Activists get a fast start to the year

Food company Mondelez International Inc. gives a board seat to Nelson Peltz, and that is just one of many flashpoints in this first month of the year where activist investors and their target corporations go head to head. Carl Icahn hones in on a new target--eBay Inc., where he wants the digital marketer to split off its PayPal unit. Daniel Loeb begins pushing Dow Chemical Co. to separate out its chemical operations. (And both Icahn and Loeb acquire a stake in Hertz Global Holdings Inc.) Responding to investor discontent, McKesson Corp. initiates several governance reforms, including expanding the role of the board's lead independent director. Other companies on the activists' radar include Cliffs Natural Resources, Juniper Networks, and Johnson Controls. Even Ralph Nader jumps into the fray: Angered about John Malone's offer--"ludicrous," Nader calls it--to buy out the shareholders of satellite radio operator Sirius XM, he calls on Carl Icahn to intervene. What this means, as the New York Times (NYT) notes with some irony, is that this self-described "adversary of corporate capitalism" is now fighting for his rights as a shareholder. PwC's Investor Resource Institute reports that "companies are accumulating record levels of cash, which often makes them a magnet for activists." And search firm The Koblentz Group reveals that "For the first time, we were asked to recruit new directors with specific experience of having been on a board with activist investors and/or having been a CEO of a company with activists on their board." The firm adds: "While we are not sure this is a trend per se, with our belief that activism will increase, increasingly we believe experience with institutional investors will be sought."

Deloitte finds that CFOs are optimistic about the prospects ahead for their own organizations but their optimism wavers when it comes to the external economic environment; the firm's survey reveals that CFOs are entering 2014 more focused on risk, business rationalization and cost reduction.
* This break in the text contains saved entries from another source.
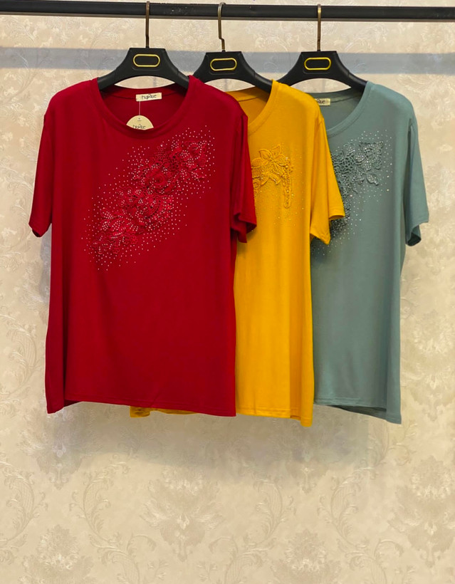 تیشرت زنانه گیپوری برند هایوکس جنس ویسکوز کیفیت عالی تن پوش خنک و راحت فری سایز مناسب 36تا 50 کشسانی زیاد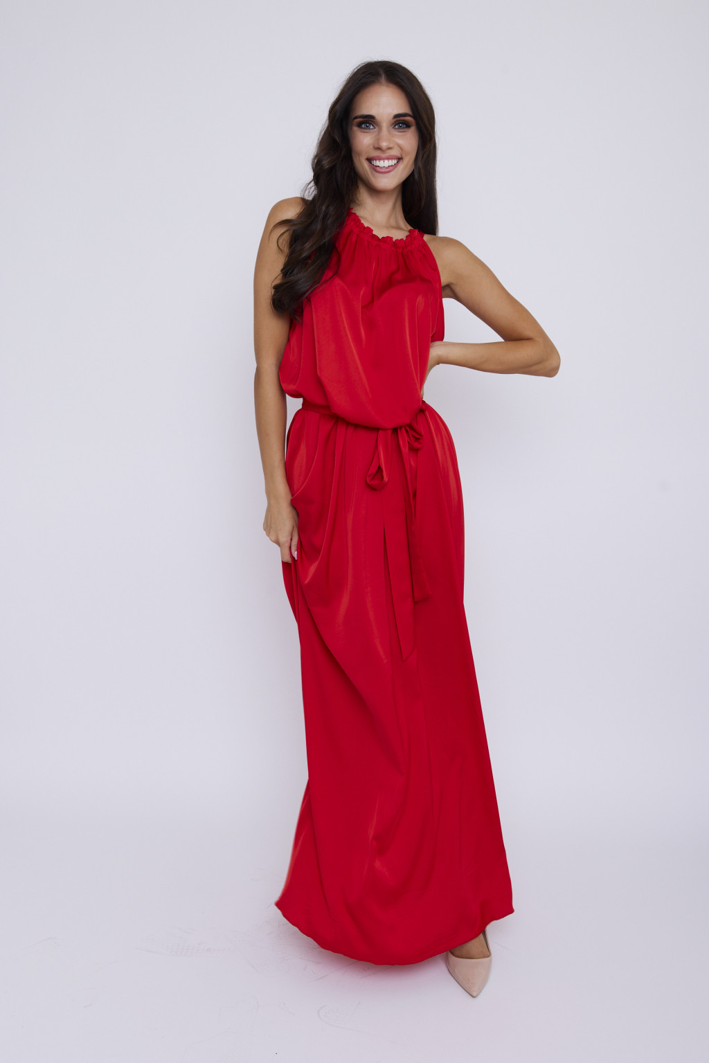 Miami women's dress, gathered-neck tie-waist long dress, Tara x Viktori, Young & Free Collection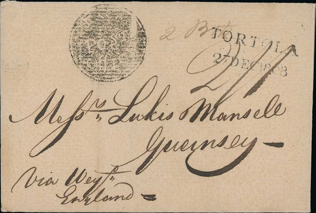 1808 entire to Guernsey, marked "Via Weyh England", rated "2 Bits" and "2/2", showing mainly fine circular intaglio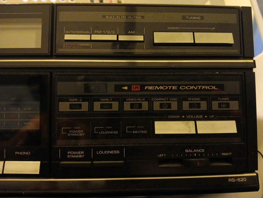 The Vintage Fisher Studio Standard RS-620 Remote AM/FM Stereo Receiver is a working piece of vintage audio equipment. Made in Korea, this stereo receiver includes a remote control for easy operation. Despite the absence of A/V cables, this model is perfect for achieving that retro audio vibe in your home. Ideal for collectors or enthusiasts looking to add a classic touch to their audio setup.

Leo Strine, chancellor of the Delaware Court of Chancery, is confirmed as chief justice of the Delaware Supreme Court. The outspoken head of this important business court "brings to the high court a national reputation as a workaholic judge who regularly displays his mastery of the state's corporate law through his lengthy opinions," Reuters reports.

There was a 9% increase in securities class action filings in 2013, according to the authoritative trackers at Cornerstone Research and Stanford Law School Securities Class Action Clearinghouse. They warn: "The sharp increase in IPOs in 2013 may provide fuel for a new wave of filings in the next few years."

Ken Bertsch, president of the Society of Corporate Secretaries and Governance Professionals since 2010, is named a partner at corporate governance advisory firm CamberView Partners. He brings more than three decades of expertise leading corporate governance efforts at such organizations as Morgan Stanley Investment Management, Moody's Investors Service, and TIAA-CREF.

Holly Gregory joins Sidley Austin LLP as a partner and a global coordinator of the corporate governance practice. She has been a longtime expert and advisor on governance while at Weil Gotshal & Manges and a highly sought-after speaker and writer on governance topics. "Holly is very well-known and respected for her deep experience in helping companies and their boards navigate the complexities that have evolved as a result of changing regulations and an increased scrutiny into corporate governance practices," says John P. Kelsh, partner and a global coordinator of Sidley's Corporate Governance and Executive Compensation practice.

In other people news: Rajeev Vasudeva is appointed CEO of search firm Egon Zehnder; Mark Reid assumes global leadership for the Executive Compensation consulting practice of Towers Watson; Carolyn M. Snow, CPCU, director of risk management for Humana Inc., will lead RIMS, the risk management society, as president for the 2014 term; and Steve Gunby, formerly running the Transformation and Large Scale Change Practice at Boston Consulting Group, joins FTI Consulting as president and CEO.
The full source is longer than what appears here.